▶ **Available data**:

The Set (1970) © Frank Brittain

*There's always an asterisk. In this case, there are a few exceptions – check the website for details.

--

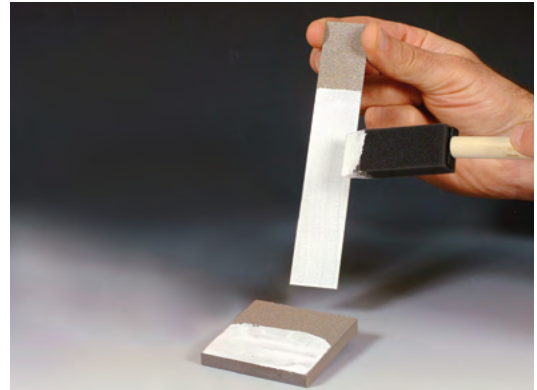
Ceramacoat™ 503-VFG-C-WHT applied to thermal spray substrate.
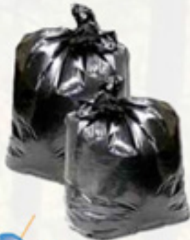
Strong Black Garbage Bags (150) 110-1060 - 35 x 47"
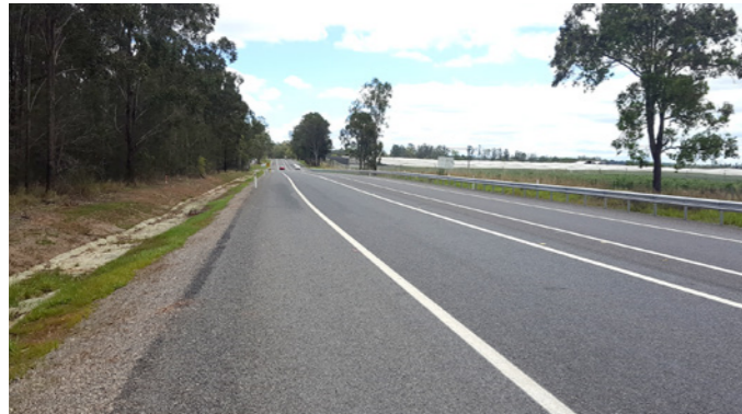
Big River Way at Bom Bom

▶ **Description of the task**:
The lines above from the line with "Ceramacoat™ 503-VFG-C-WHT applied" through the line with "Big River Way at Bom Bom" are to be given again word for word, with no pictures among them.

▶ **Problem solution**:
Ceramacoat™ 503-VFG-C-WHT applied to thermal spray substrate.
Strong Black Garbage Bags (150) 110-1060 - 35 x 47"
Big River Way at Bom Bom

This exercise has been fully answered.